Abstract

Summary Adverse childhood experiences (ACEs) — defined as abuse, neglect, or household dysfunction before age 18 years — are consistently associated with a higher risk for many chronic health conditions and harmful health behaviors. Many organizations have recommended ACE screening to support preventive medical care and have provided examples of screening strategies. However, despite the consistent evidence linking ACEs with chronic health conditions and harmful health behaviors, routine ACE screening in primary care populations is rarely clinically implemented. The 1998 seminal Kaiser Permanente (KP)–Centers for Disease Control and Prevention ACEs study was born from ACE screening implemented in the Department of Preventive Medicine at KP San Diego in the 1980s. The goal of the 2018 initiative was to build on and advance that earlier work by implementing universal ACE screening in primary care at a KP Northern California site. The KP team included patient service representatives, medical assistants, nurses, physicians, and patients. Team members were first educated about ACEs and screening best practices.

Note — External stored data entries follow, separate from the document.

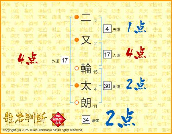 二(2画)又(2画) 輪(15画)太(4画)朗(11画)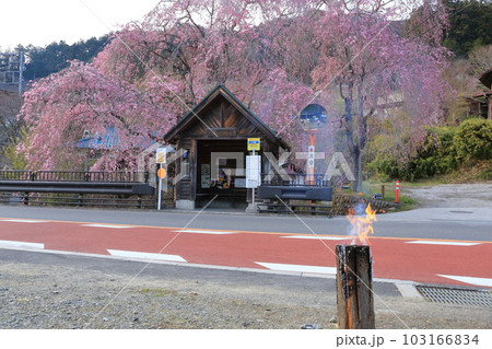 檜原村人里のバス停の垂れ桜と自転車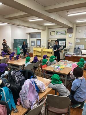 ミニ授業の後は、校内探検を行わせていただき、図書室、音楽室、保健室、職員室、放送室などを見せていただくことができました。「小学校って楽しいね。」と、就学への期待が高まってきています。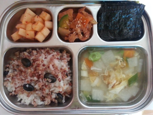 오늘의 메뉴 : 잡곡밥, 계란무국, 깍두기, 제육볶음, 김
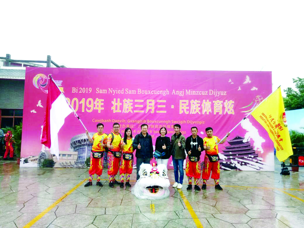 【本报讯】4月4日, 一年一度的“壮族三月三·八桂嘉年华”活动已在广西全区各地陆续展开,欢乐与春光洒满八桂大地,印尼全国龙狮总会(PLBSI)会长吴能彬博士4月2日率领印尼狮队赴广西南宁参加“壮族三月三·八桂嘉年华” 的中国-东盟狮王争霸赛。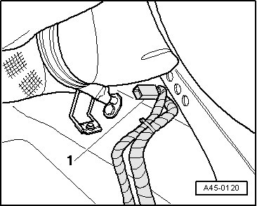 - Release the cable bracket, disconnect the speed sensor electrical connector - 1 - and press out the grommet (left and right sides are the same).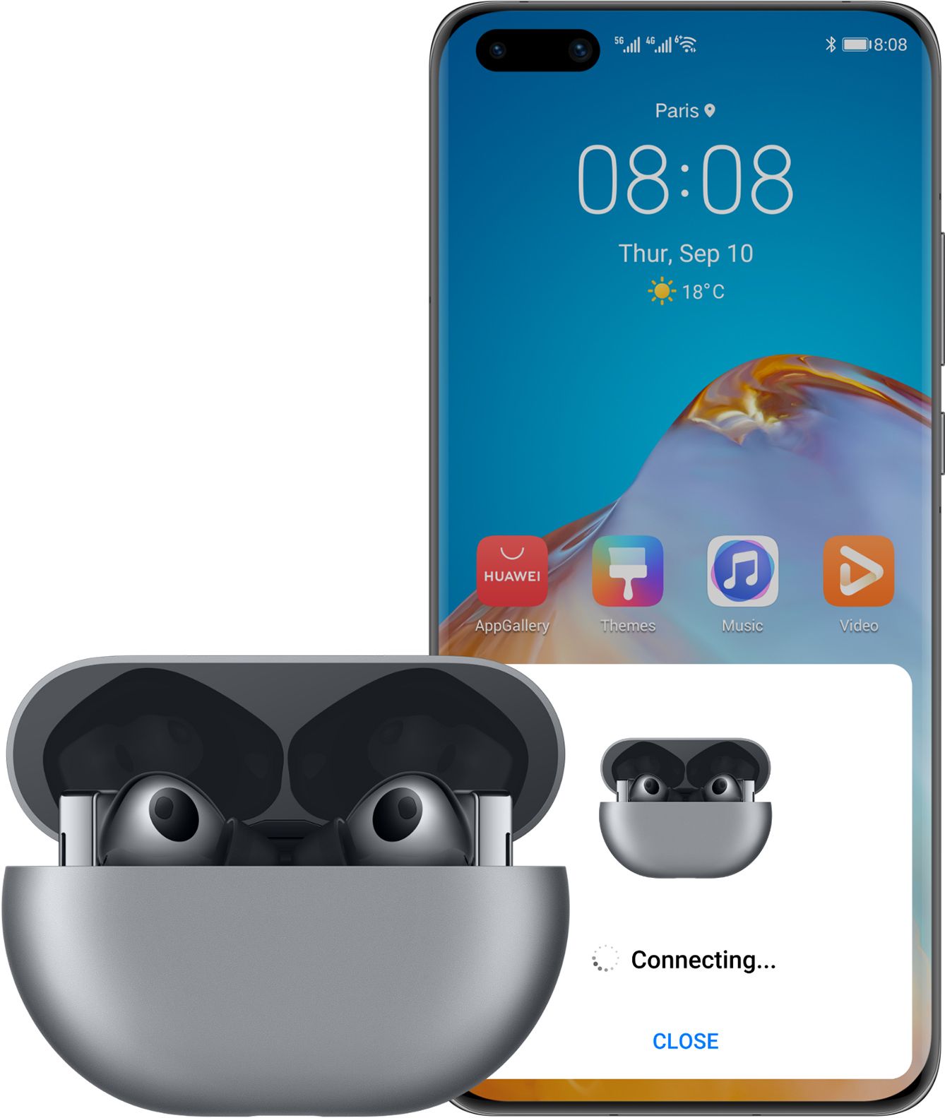 Dzięki zastosowaniu dwóch anten słuchawki HUAWEI FreeBuds Pro zapewniają stabilne połączenie Bluetoot, nawet jeśli telefon znajduje się w torbie czy kieszeni.
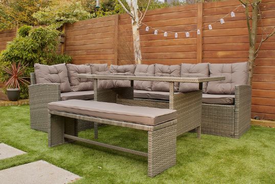 Consists of an L-shaped corner sofa and a bench, offering ample seating for your garden parties.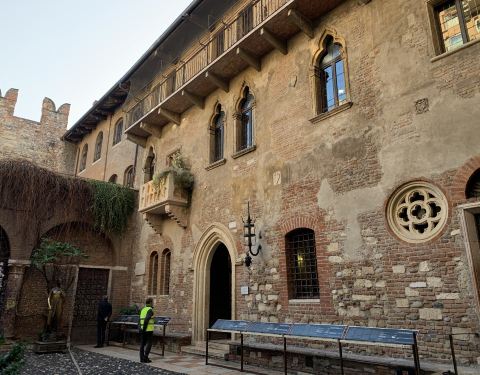 维罗纳城内仍保留着朱丽叶的故居,故居中“朱丽叶的阳台”每年吸...莎士比亚剧作《罗密欧与朱丽叶》的故事发生在维罗纳,罗密欧曾在朱丽叶家的阳台向朱丽叶求爱,这段悲剧爱情故事和朱丽叶的阳台一起留给了后世。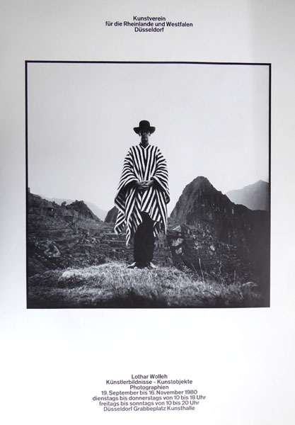Wolleh, Lothar: Künstlerbildnisse – Kunstobjekte – Photographien. [Plakat]. 19. September bis 16. November 1980, Kunstverein für die Rheinlande und Westfalen. Düsseldorf. Kunstverein für die Rheinlande und Westfalen. 1980. 84 x 60 cm. Sehr gutes Exemplar. Wolleh fotografierte in den 60er und 70er Jahren die Kunstszene, besonders intensiv in Düsseldorf.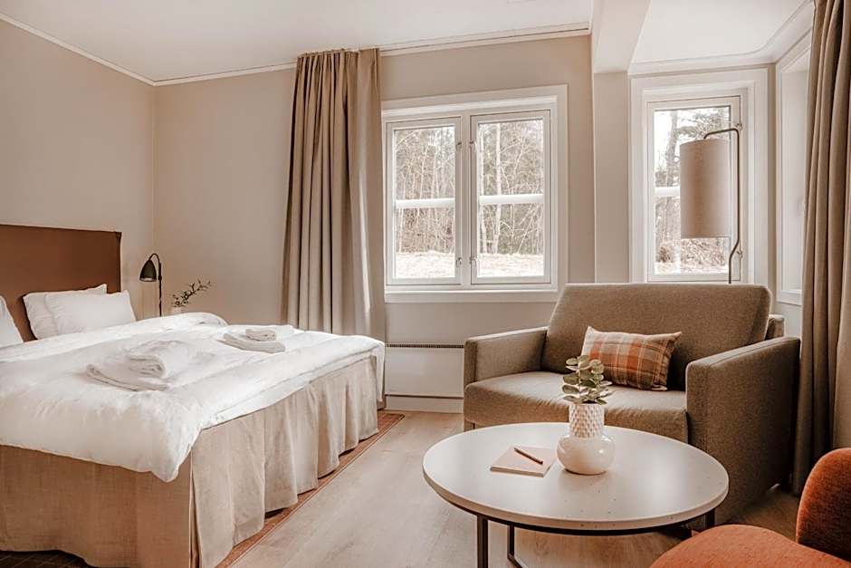 The Jegtvolden Fjordhotell offers a variety of room types including standard double rooms, family rooms, double rooms with a terrace, suites with sea views and balconies, double rooms with sea views, and double rooms with balconies. Smoking is not allowed in any of the rooms. Occupancy varies, with some rooms accommodating 2 adults and no children, while others can accommodate 4 adults and 2 children. The bed sizes typically include twin beds and double beds, with some rooms also offering sofa beds.
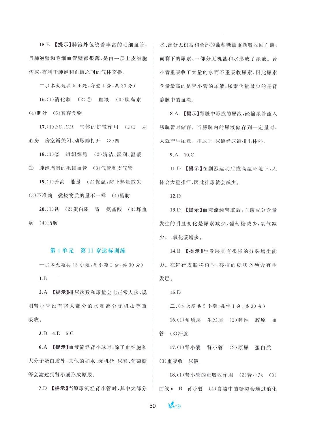 注:目前有些书本章节名称可能整理的还不是很完善,但都是按照顺序排列的,请同学们按照顺序仔细查找。练习册 2024年新课程学习与测评单元双测七年级生物下册北师大版B版 答案主要是用来给同学们做完题方便对答案用的,请勿直接抄袭。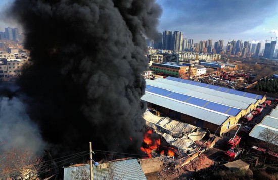 一位重慶阿姨,站在著火倉(cāng)庫(kù)外面,沒(méi)說(shuō)幾句就哭了,“放在里面的貨全燒光了!敝貞c阿姨在西安賣(mài)塑料制品,在這個(gè)倉(cāng)庫(kù)租了1000多平方米當(dāng)作庫(kù)房,上下兩層高,“全部的貨價(jià)值1000多萬(wàn)元,進(jìn)出貨物的電子臺(tái)賬、賬簿也在倉(cāng)庫(kù),我早上4點(diǎn)多還新進(jìn)了一批,正準(zhǔn)備往倉(cāng)庫(kù)放,車還沒(méi)到這里,就看見(jiàn)著火了!

The workflow included directions on the ACE screener handout procedure, patient screener completion location, patient screening response documentation, and addressing the results with patients. Hurdles included concerns regarding the time it would take for patients to complete the screening and for providers to review and discuss with the patient, as well as the communication barriers related to topic discomfort among clinicians. Consistent with prior reports, patient resistance or discomfort was not a major hurdle. Metrics to measure implementation focused on ACE screenings completed by clinicians and patient screening refusal rates. Over the course of an 18-month pilot period, only 1% of patients declined screenings and more than 90% of physicians completed the screening process with their primary care patients. Team member education and recognition of ACEs as risk factors for chronic health conditions, a culture of trauma-informed care, and identifying team members who are passionate about ACE screening are necessary preludes to implementation of ACE screening.